=== PROBLEM TO SOLVE ===
Restate exactly the lines that run from the start of the records below to the line containing "1 Rosa Preservada", counting both ends, and nothing else; pictures stay out.

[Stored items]
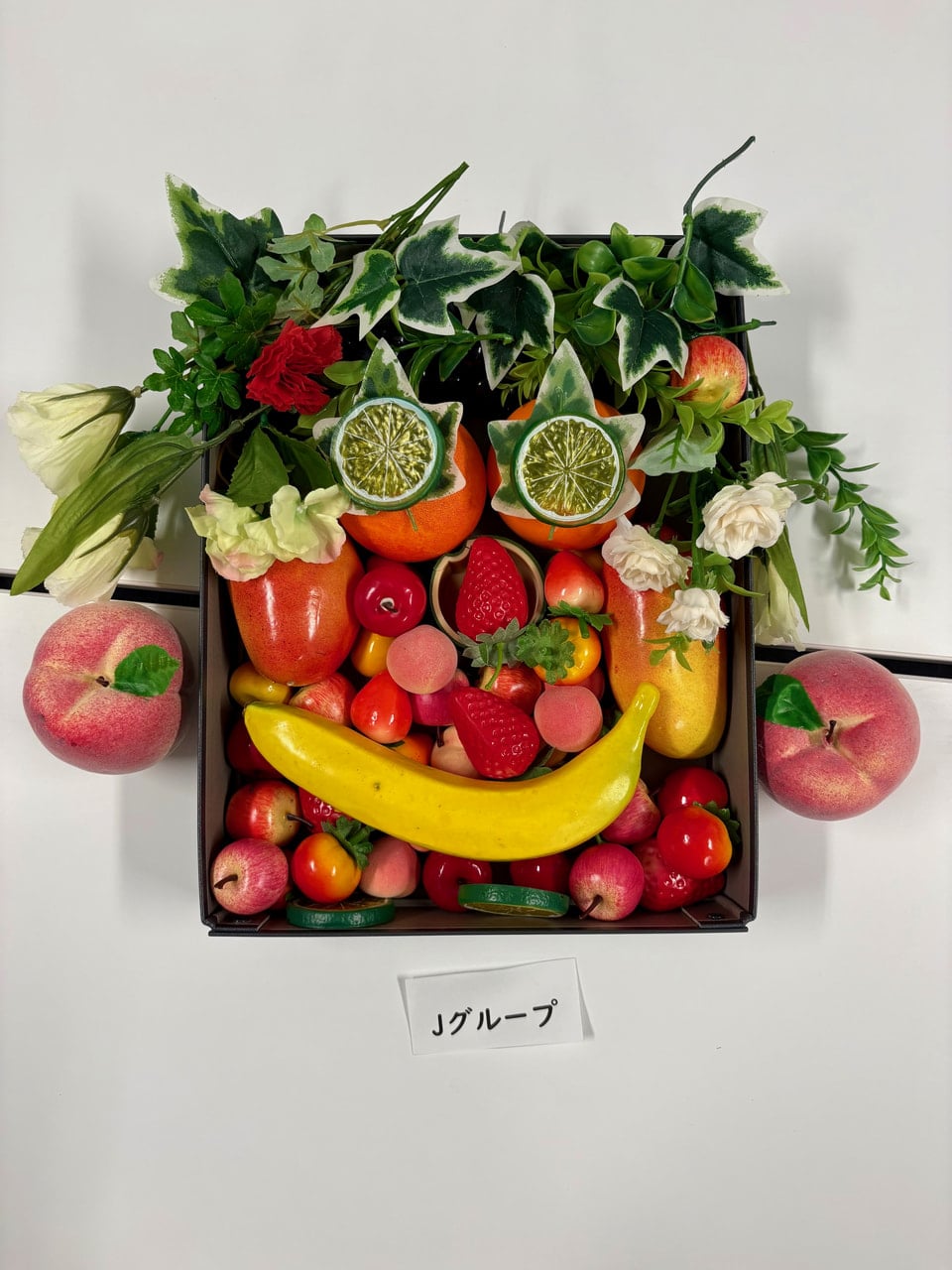 Jグループこだわりポイント:オレンジの上にまつ毛代わりの葉をのせて、その上にライムを載せて目をクリっとさせました。葉っぱで髪の毛に見えるようにたくさんのせてフサフサにしました。マンゴーを顔の横においてほっぺに見えるようにしました。
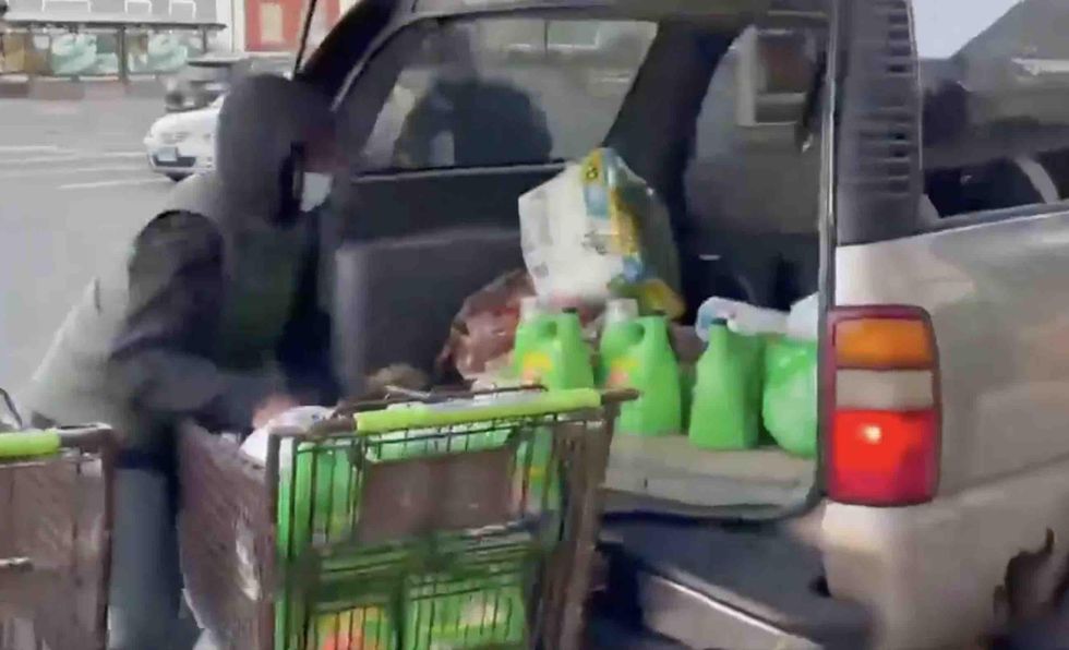 Cellphone video recorded four masked individuals loading shopping carts full of unpaid-for merchandise from the Market 32 store into a pair of SUVs just after 6:30 a.m. Tuesday, WFSB-TV reported.
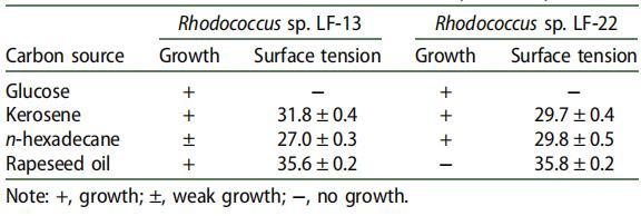 兩種細菌菌株紅球菌屬。 菌株 LF-13 和紅球菌屬。 當以煤油作為唯一碳源和能源時,菌株 LF-22 能夠將培養(yǎng)基的表面張力降低約 40 mN m-1。 因此,它們被選擇用于進一步表征生物表面活性劑的生產。 為了拓寬生物表面活性劑生產的底物范圍,測試了除煤油和葡萄糖之外的其他碳源(表 3)。 這兩種菌株可以在葡萄糖上生長,但不合成生物表面活性劑。 他們能夠在正十六烷和菜籽油上產生 SAC,即使菜籽油不支持菌株 LF-22 的生長。
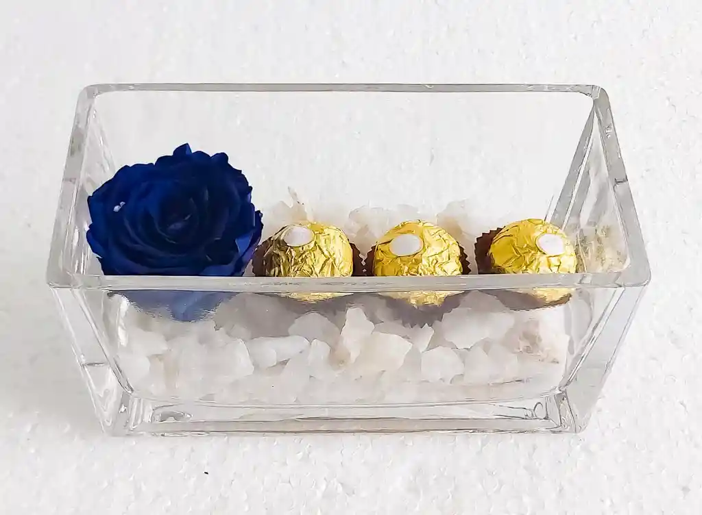 1 Rosa Preservada en Florero Rectangular y 3 Bombones Ferrero Rocher
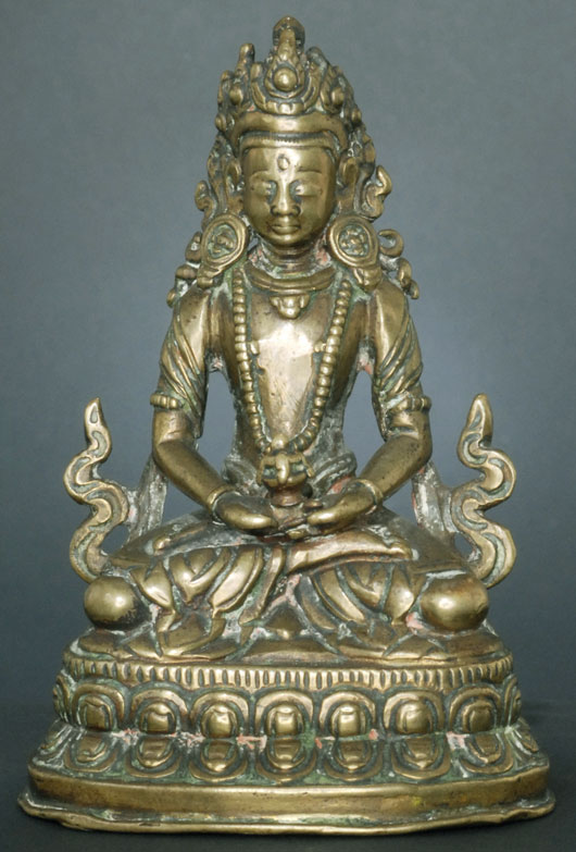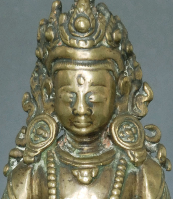 Extremely fine Nepalese Bodhisattva with a fabulous countenance. Looks to be 18th century or earlier. 3.25" tall.
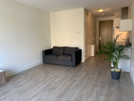 De studio is gelegen op de begane grond. U komt binnen in een hal met videofoon. Aan de linkerzijde bevindt zich de luxe open keuken, voorzien van een inductiekookplaat, afzuigkap, vaatwasser, combi-oven en koelkast. De woon- en slaapruimte vormen één open, lichte ruimte met toegang tot het privéterras. De studio beschikt verder over een nette badkamer met douche, wastafel en toilet. Daarnaast is er een inpandige berging met vriezer en aansluiting voor een wasmachine.
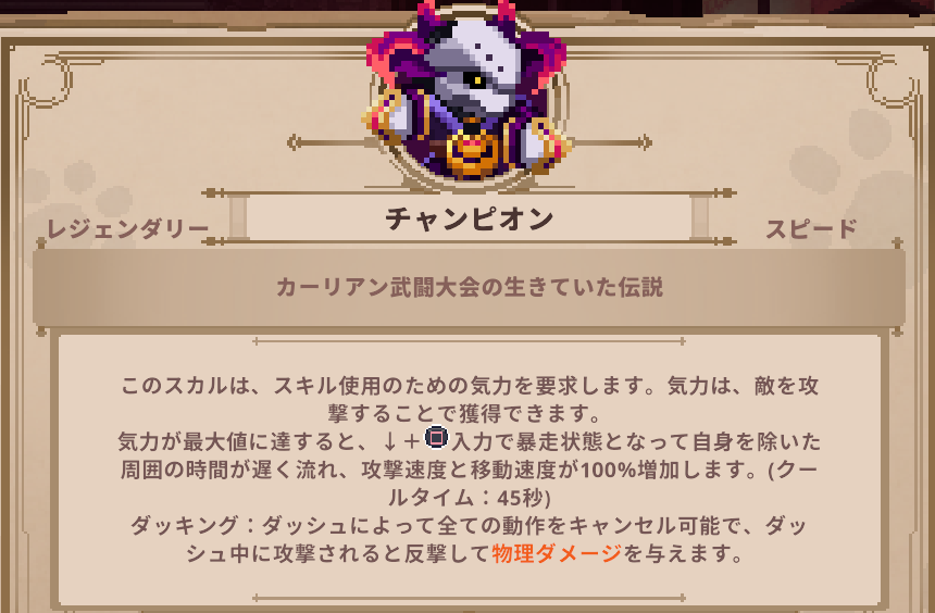 スカル Skul: The Hero Slayer | チャンピオンの詳細 スカル 2025.04.18 このページでは、Skul: The Hero Slayerに登場するチャンピオンの詳細を掲載しています。 チャンピオンのステータス チャンピオンのスキル ▶️スカル一覧 に戻る

=== EXERCISE RESPONSE ===
 Jグループこだわりポイント:オレンジの上にまつ毛代わりの葉をのせて、その上にライムを載せて目をクリっとさせました。葉っぱで髪の毛に見えるようにたくさんのせてフサフサにしました。マンゴーを顔の横においてほっぺに見えるようにしました。
 Cellphone video recorded four masked individuals loading shopping carts full of unpaid-for merchandise from the Market 32 store into a pair of SUVs just after 6:30 a.m. Tuesday, WFSB-TV reported.
 兩種細菌菌株紅球菌屬。 菌株 LF-13 和紅球菌屬。 當以煤油作為唯一碳源和能源時,菌株 LF-22 能夠將培養(yǎng)基的表面張力降低約 40 mN m-1。 因此,它們被選擇用于進一步表征生物表面活性劑的生產。 為了拓寬生物表面活性劑生產的底物范圍,測試了除煤油和葡萄糖之外的其他碳源(表 3)。 這兩種菌株可以在葡萄糖上生長,但不合成生物表面活性劑。 他們能夠在正十六烷和菜籽油上產生 SAC,即使菜籽油不支持菌株 LF-22 的生長。
 1 Rosa Preservada en Florero Rectangular y 3 Bombones Ferrero Rocher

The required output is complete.